The grievance case below concerns SND payments to a DS agent who served at one of these “historically-difficult-to-staff” posts.  Instead of the State Department just acknowledging that a mistake had been made in this case, the State Department made the argument that the grievant, “as a mid-level employee with several years of experience and facing his third overseas assignment” should have known better to ask the right questions. Whoa!  The agency is saying, it’s his fault, hey?
Footnote indicates that “with respect to the AO’s [Assignments Officer] indication of the candidate’s SND election in the assignment panel notes, the record indicates that the assignment panel notes did in fact include a comment that grievant’s SND decision was “pending.” However, grievant denies that he made that (or any) SND-related election, or that he communicated to his AO that he had elected to defer his decision until after arrival at post.”
The FSGB decided that the grievance appeal was sustained. The Department was ordered to reimburse grievant for SND he would have received from the date of his arrival at post, consistent with the provisions of the Back Pay Act. 5 U.S. Code § 5596.
Via FSGB Case No. 2020-050

HELD – The Foreign Service Grievance Board found that grievant met his burden to show that the Department failed to implement its Standard Operating Procedure SOP B-22 in the process of assigning him to a Service Need Differential (SND) post, a procedural error that resulted in harmful denial to him of SND payments for a period of time. The grievance was sustained.

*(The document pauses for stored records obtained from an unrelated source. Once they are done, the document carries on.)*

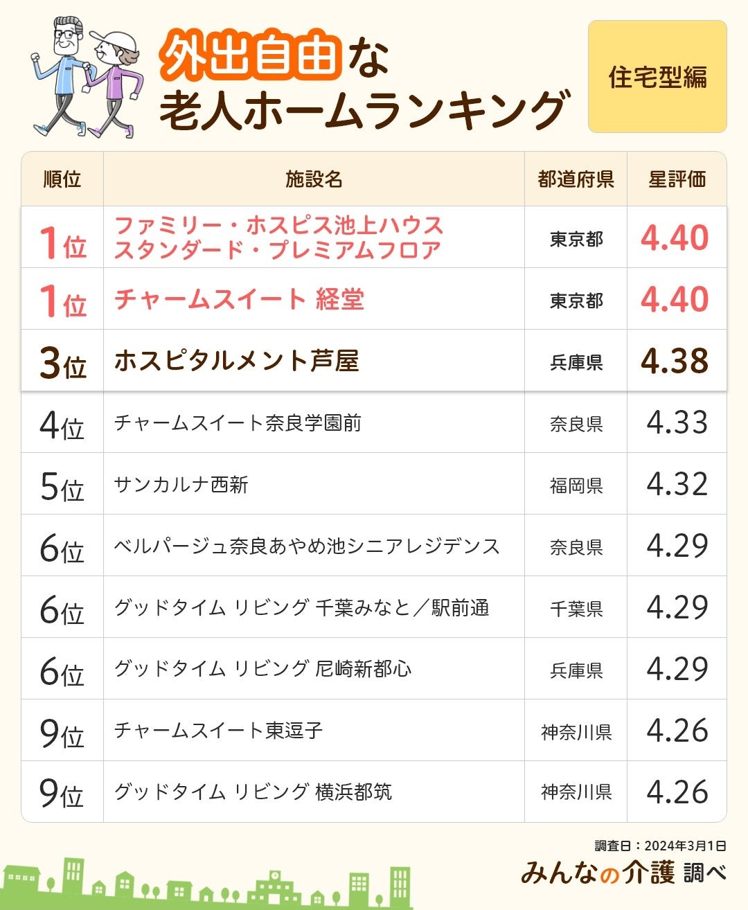 全国には外出が自由にできる老人ホームは現在5,595件あり(3/1時点)、今回はそのなかから、みんなの介護の星点数・評価が高い「介護付き有料老人ホーム」と「住宅型有料老人ホーム」のベスト10をご紹介します。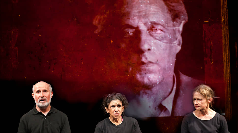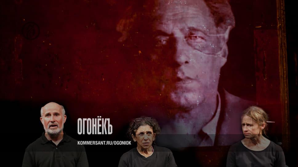 Актеры Марчелло Маньи, Кэтрин Хантер и Хейли Кармайкл размышляют о судьбе Всеволода Мейерхольда (сцена из спектакля «Why?»)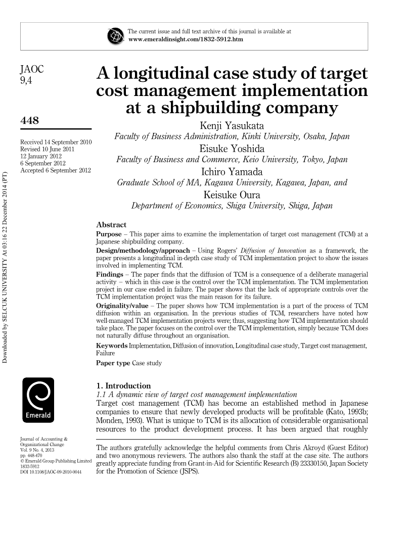 关键词:实施 创新扩散 纵向的案例研究 目标成本管理
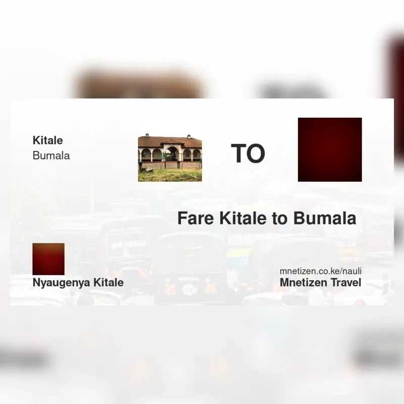 The fare from Kitale to Bumala with Nyaugenya kitale is . Prices may vary during holidays and school terms.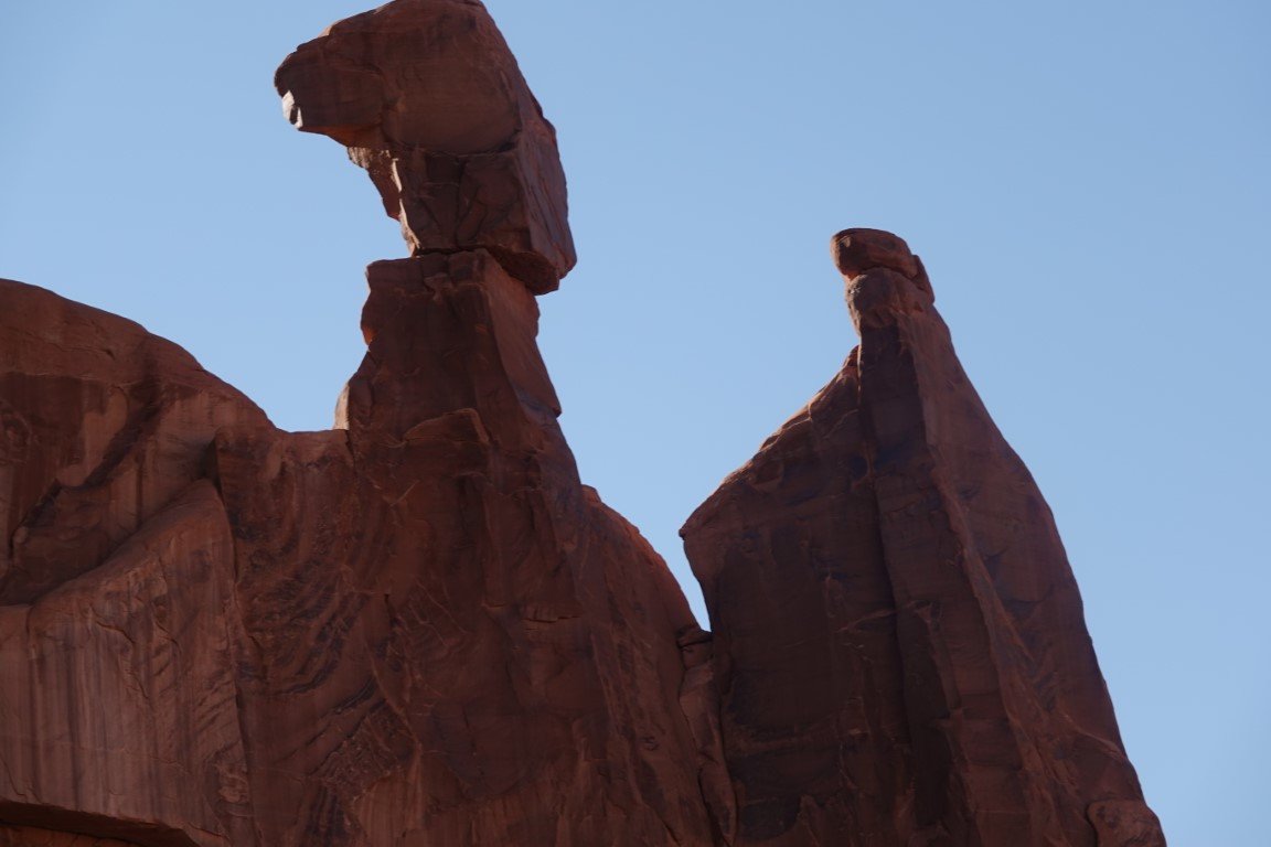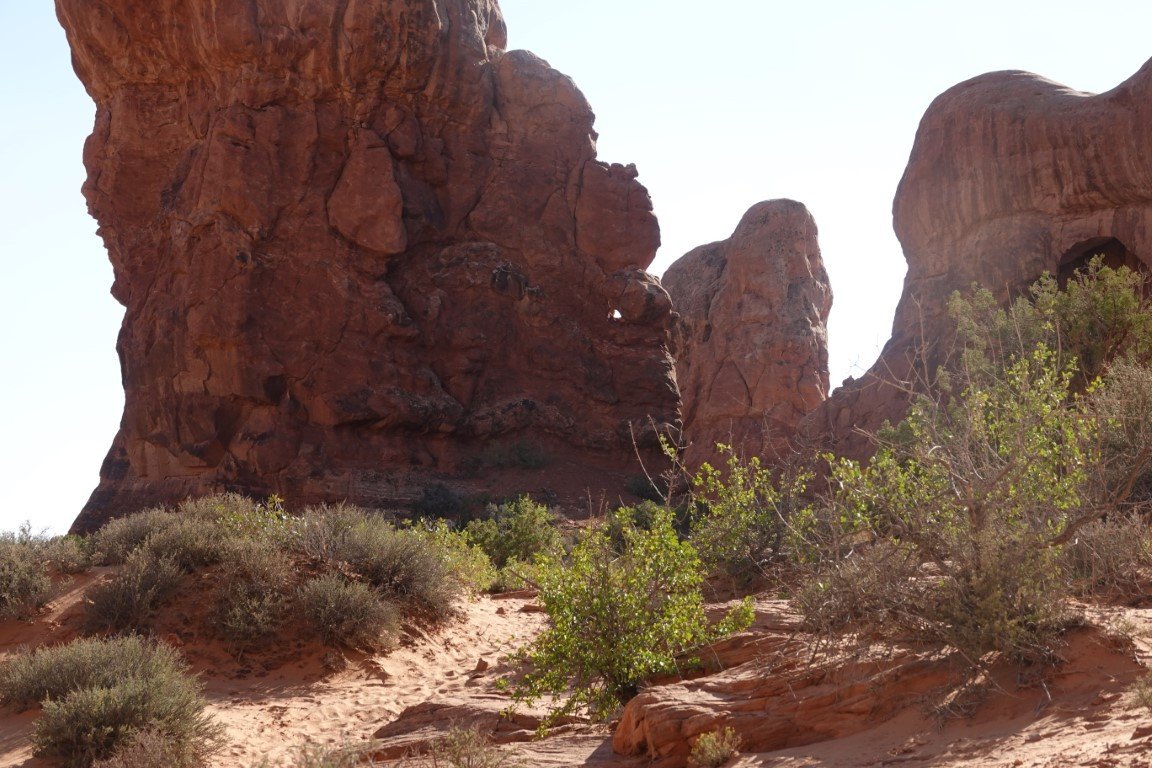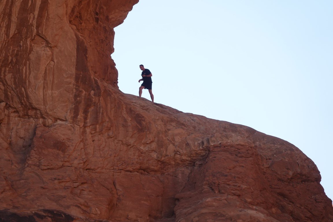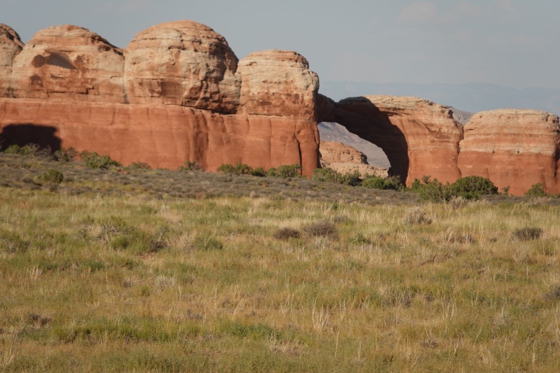 Arches National Park is a national park of the United States in eastern Utah. The park is adjacent to the Colorado River, 4 mi (6 km) north of Moab, Utah. The park contains more than 2,000 natural sandstone arches, including the well-known Delicate Arch, which constitute the highest density of natural arches in the world. It also contains a variety of other unique geological resources and formations.[3][4] The national park lies above an underground evaporite layer or salt bed, which is the main cause of the formation of the arches, spires, balanced rocks, sandstone fins, and eroded monoliths in the area. The park consists of 310.31 km2 (76,680 acres; 119.81 sq mi; 31,031 ha) of high desert located on the Colorado Plateau.[5] The highest elevation in the park is 5,653 ft (1,723 m) at Elephant Butte, and the lowest elevation is 4,085 ft (1,245 m) at the visitor center. The park receives an average of less than 10 in (250 mm) of rain annually. Administered by the National Park Service, the area was originally named a national monument on April 12, 1929, and was redesignated as a national park on November 12, 1971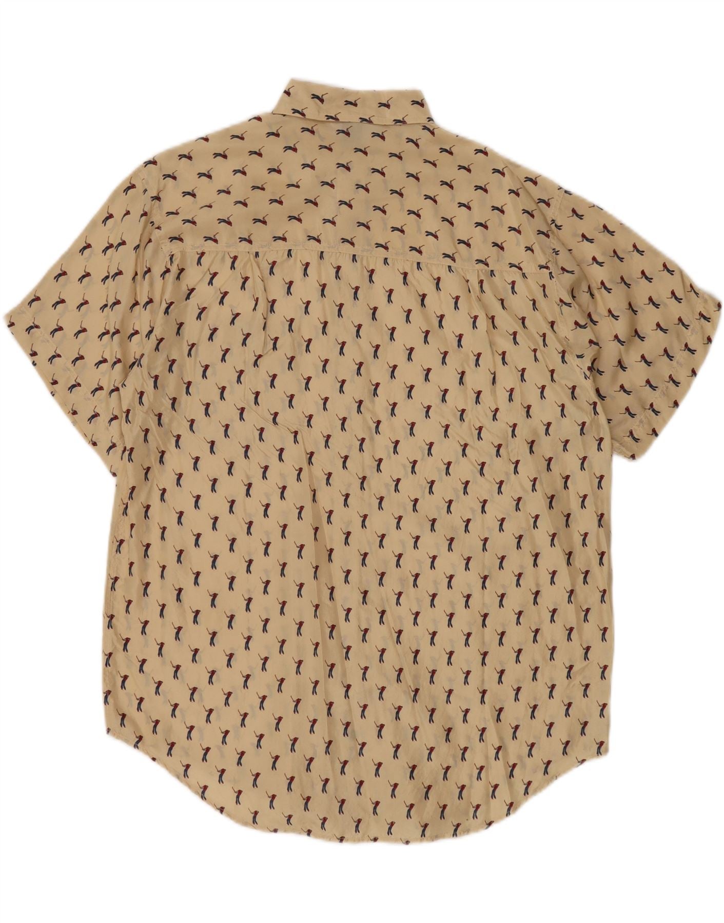 VAN ZON Chemise à manches courtes pour homme avec motif abstrait de golf en soie beige moyen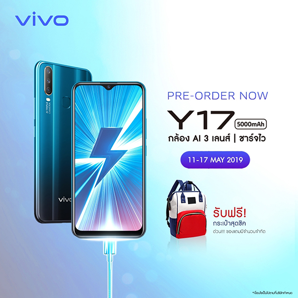 - สำหรับผู้ที่ทำการจอง Vivo Y17 สามารถรับเครื่องพร้อมของแถมในวันที่ 18 พฤษภาคม2562 เป็นต้นไป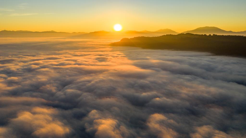 1日、景邁山に広がる雲海。(ドローンから、普洱=新華社記者/胡超)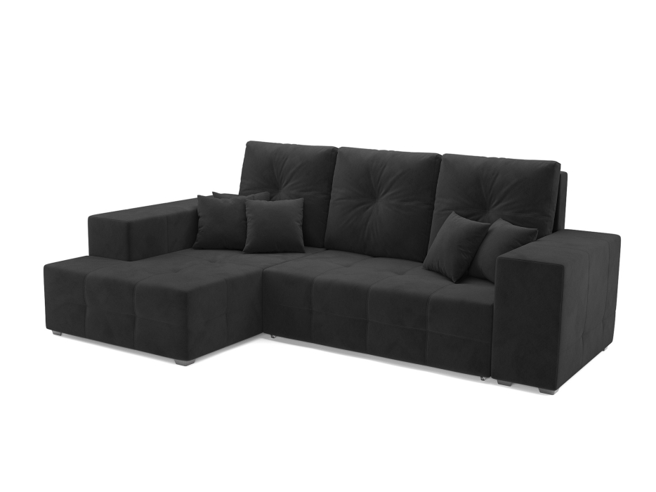 Угловой диван Лаваль левый угол, велюр (Черный)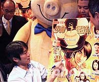 香港明星周星馳3日出席其主演的電影《少林足球》推出電腦游戲的記者會(huì),宣傳即將開發(fā)的電腦游戲軟件。中新社圖 尤圣斌 攝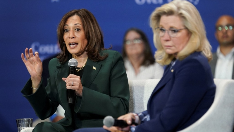 ▲哈里斯(左)获共和党前众议员利兹切尼倒戈站台。 路透社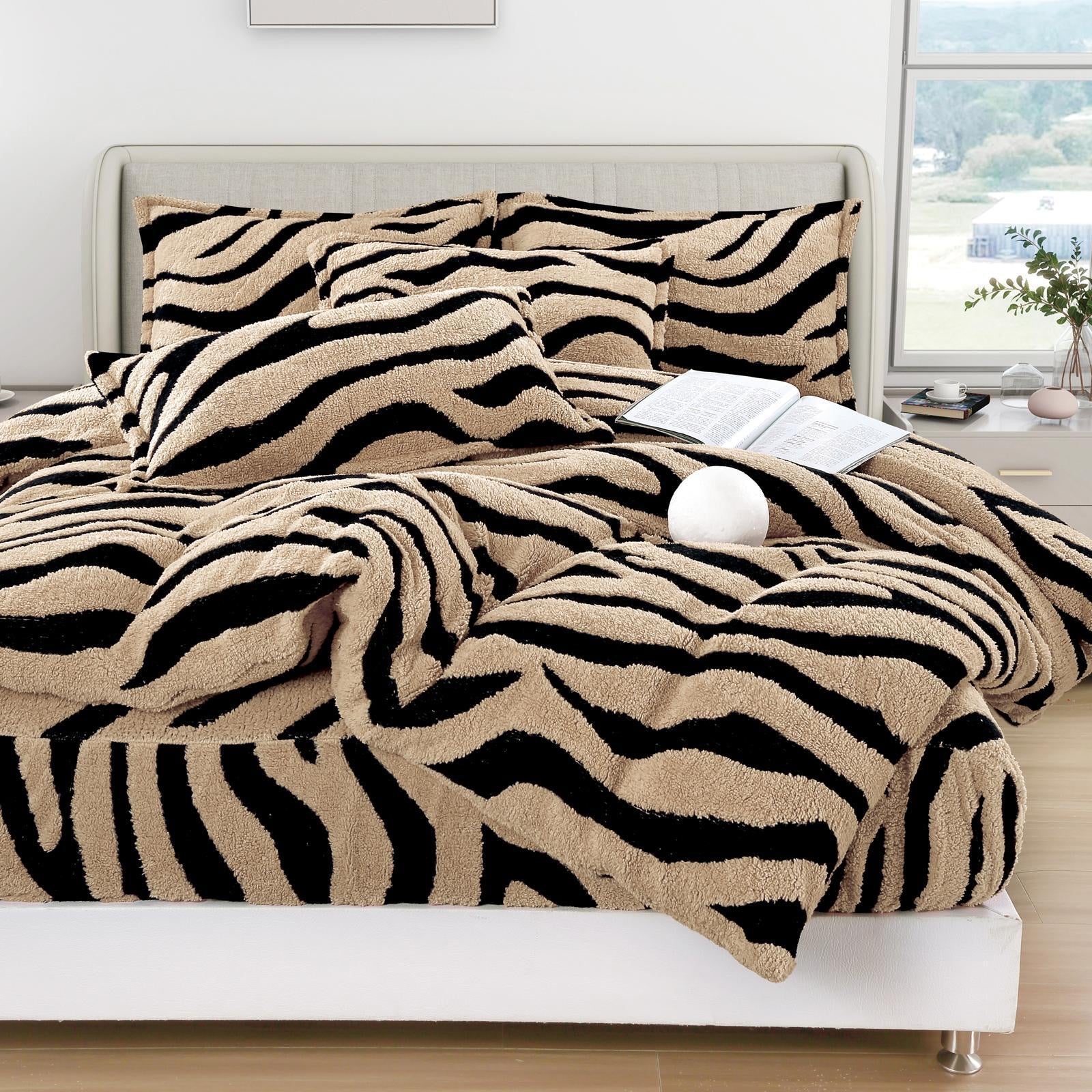 Lenjerie Pat Dublu Super Pufoasă, Cocolino Sherpa, 4 Piese, cu Elastic, Bej/Zebra Print-F9749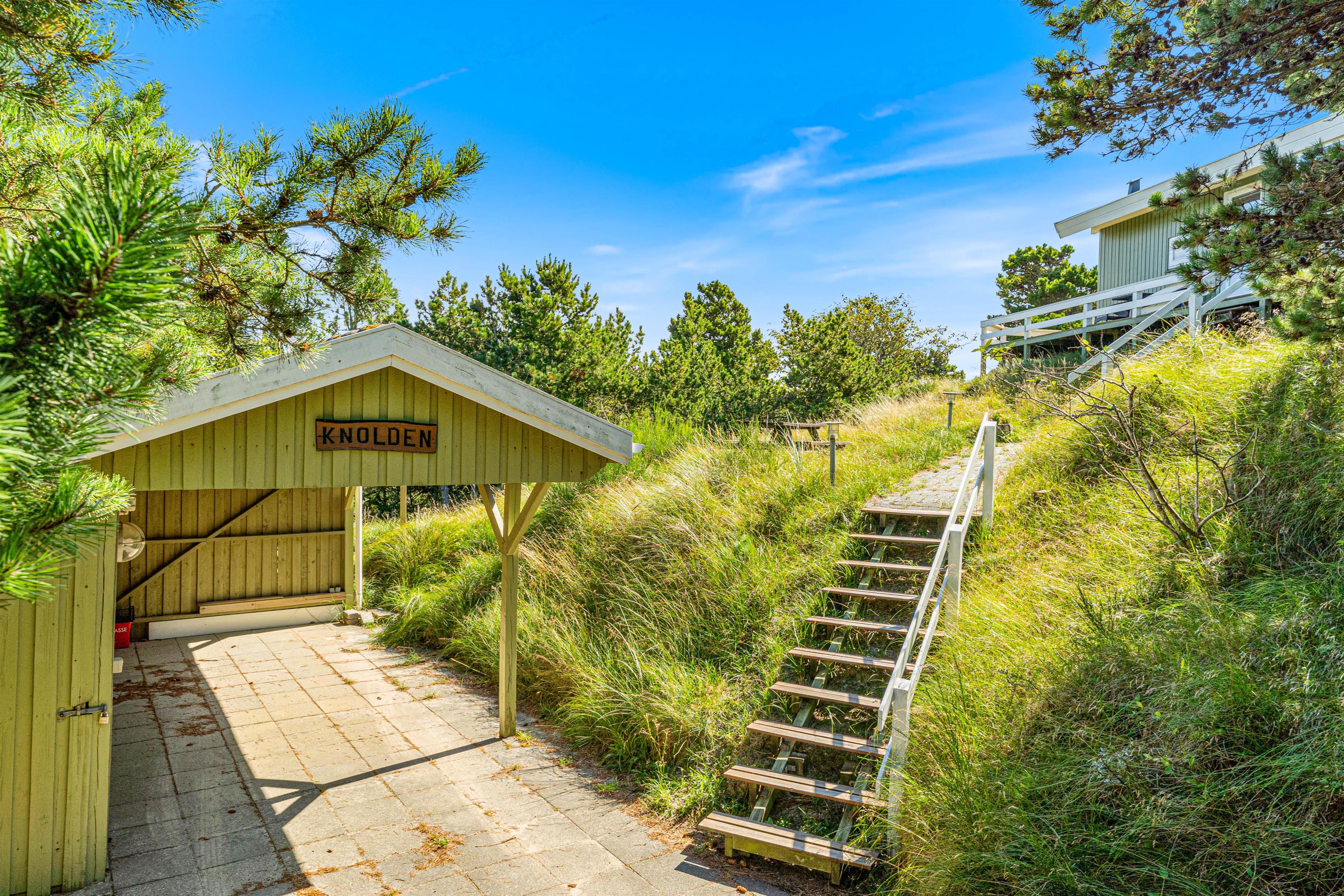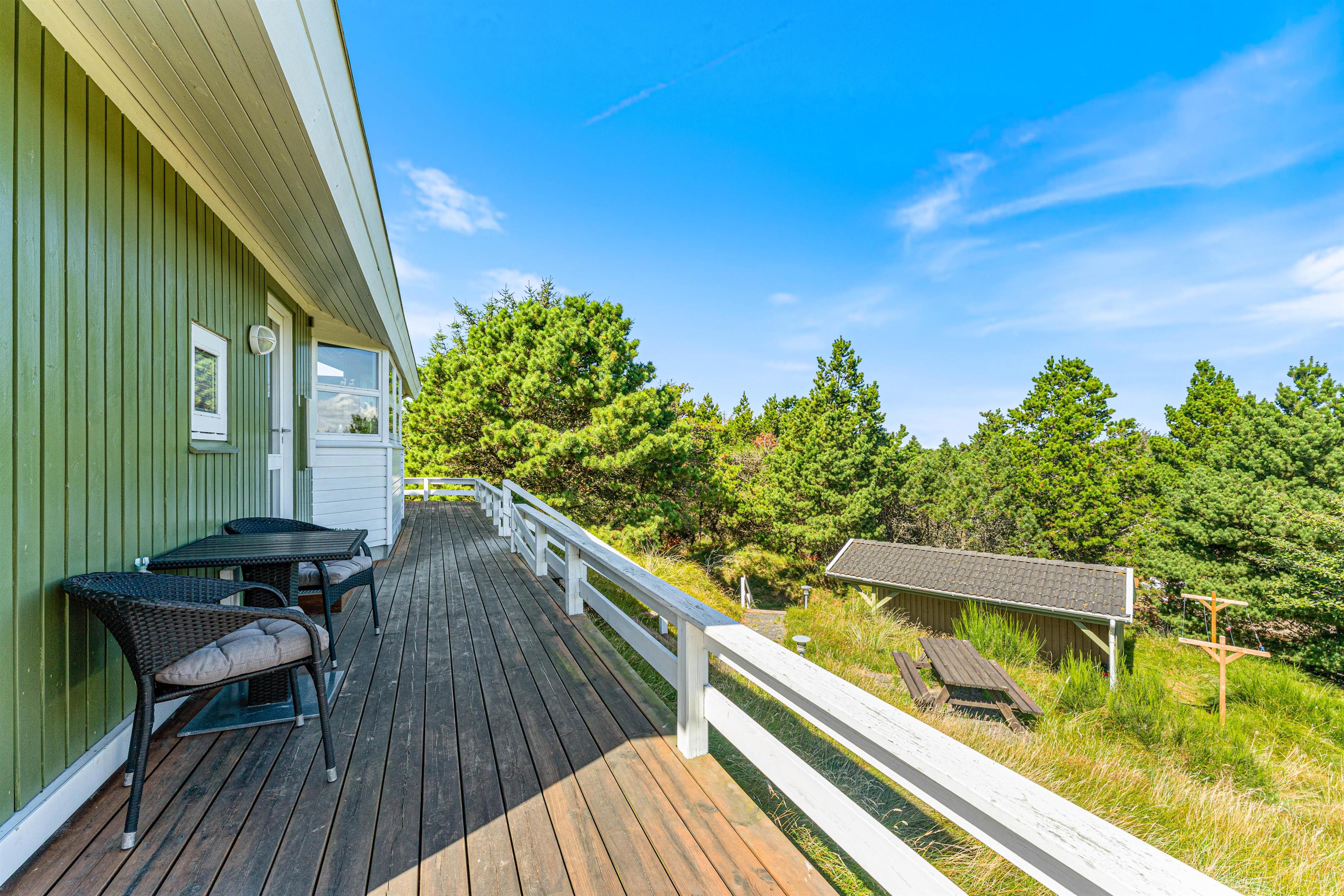 Stil bilen i carporten, inden I tager trappen op til feriehuset. Når I ankommer på terrassen, er feriestemningen sat! Her er udsigten slående, og I kan rigtigt fornemme områdets duft af Vesterhavet og fyrretræer. Terrassen bliver hurtigt omdrejningspunkt for dagens mange aktiviteter. Den er delvist overdækket og praktisk indrettet, så der altid er et hjørne til liggestolene med læ og sol, samtidig med at I har det store udsyn over området.

CASE SUMMARY – Grievant accepted a handshake for assignment to an SND-designated post. He argued that in the process of assigning him to post, the Department failed to implement any of the “Assignment Procedures” specified in its relevant Standard Operating Procedure, SOP B-22. These included provisions that the Assignment Officer should contact grievant by email, provide information regarding the SND Program (including a specified “standard disclosure” covering SND options and the consequences of each), request the employee to indicate which SND option he/she elects, and relay that election to the assignment panel. The SOP advises that an assignment to an SND-designated post should not be made unless the foregoing provisions are carried out. The assignment panel, on the basis of notes of unspecified origin to the effect that grievant’s SND decision was “pending,” assigned him for a two-year tour-of-duty which made him ineligible for SND unless he should later request, and be granted, an extension of his tour to three years’ duration.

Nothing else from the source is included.